The hard part, quite simply, is human society - it does not yet seem evolved enough to be able to have any kind of power and use it wisely. Once we organize, in the form of governments, religions, and other institutions, we become corrupted (and stupid!). Of all the animals on the planet, we have the most in common with the political animal, and thus, cannot be trusted with such decisions.
Better to leave them wide open than not.
"I personally wonder if anything that this kid was preaching in this video was an original thought." Tom
Well, wonder no more! Of course he's not having original thoughts, unless you consider the bible to be original, in which case, he's only have biblical thoughts. :-)

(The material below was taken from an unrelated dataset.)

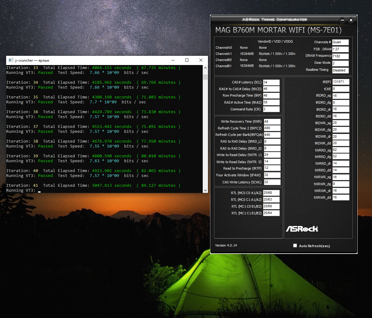 а ты на чем сейчас бегаешь? По 8000 на 13900, тем более разогнанном, есть нюансы. У меня на айке лучше работает сочетание Intel MRC mode + slow training, у Димона Intel + auto. Второе: все упирается как минимум в кархе в малые ядра. Точнее, в кэш. Далее, подбор Л2 вольтажа малых строго зависит от СА. Нужно подбирать их сочетание. Про пару перезагрузок после треньки даже и повторять не хочется. Зажатую по третичкам память стабнуть еще труднее на айке Но зажатие того стоит, спасибо, Димону. Приход по 2-3 гига везде и 2 нс в минус. А, ну и да - ставь воду

"If hate is learned, then it lies on the shoulders of our schools, church officials..." Mannino
Let's stop right there, at church officials. Where on earth do you think christians learn their hate? From church officials, who learn it from the "good" book they study and find to be infallible. What needs to be addressed is the religion these teenagers espouse, because as long as you defend their religion, you're defending their beliefs and thus their hate.
The bible DOES teach hate towards homosexuals (among others, like women), and these teenagers are well within their "rights" as believers to hate as well. Tackle the religion and you tackle the hate.

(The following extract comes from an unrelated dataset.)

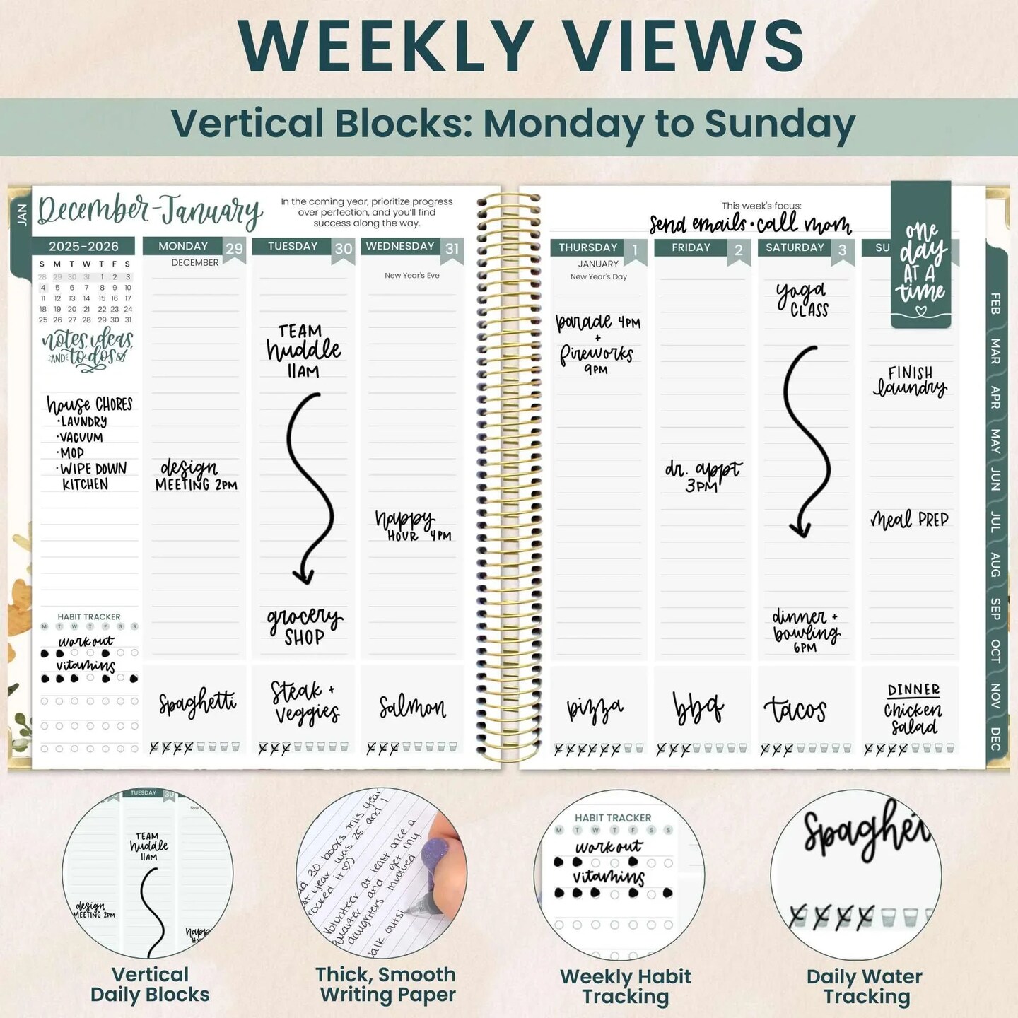 bloom daily planners 2026 Hard Cover Weekly & Monthly Vision Planner, 7.5" x 9", Beige Bouquet

Dina - you can't just change christianity, modernize it, and take out certain things you don't like. What exactly is the point of believing in the religion if you don't believe what it teaches? If you don't like what much of the bible has to say, as I would hope you don't, then why change it? Why not, instead, adopt your own belief system rather than adapt a belief system to your own?

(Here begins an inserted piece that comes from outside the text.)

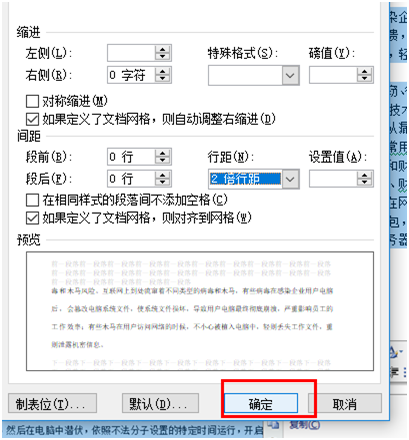 4.确定需要的行距后,点击“确定”按钮。

Sounds to me like you can think well enough on your own, as most liberals and moderates can. Which is why I'm so mystified over the defense of the bible by these same people who can obviously discern right from wrong based on their own conscience and sense of integrity. Relying on superstition originating from ancient books is so NOT modern, so NOT scientific, and so very NOT necessary.
My apologies to everyone for being a bit off topic, but Michael has spurned me on. Just for the sake of establishing credibility with you, Michael, my 46-year old breasts are still firmly planted on my chest, but then, I never had children, and I apparently have good genes. One was within my control, the other not so much.
I'm amused that you dropped a few pounds so women will find you attractive, yet you post a picture of yourself with a cancer stick hanging out of your mouth! If you hadn't told us you're 52, I would have guessed more around 65. No doubt the weight loss couldn't address the damage done through smoking, but then, aesthetics don't have as much of an impact on how men see themselves, does it?
And therein lays the crux of the issue, in my opinion. Men, of all ages and level of attractiveness, seem to think that having a penis between their legs qualifies them as infinitely desirable to all women, while women must conform to a strict standard of beauty regardless of age. Maybe it's the fact you can hold your sex in your hand and feel powerful while doing it that all women must surely suffer the envy of not being able to do so themselves; hence, your built-in desirability.
Just a wild guess, of course, based on the frequent observation that some of the most loathsome men, both physically and mentally, have an over-bloated sense of themselves, as if their heads swell in direct relation and proportion to their erections.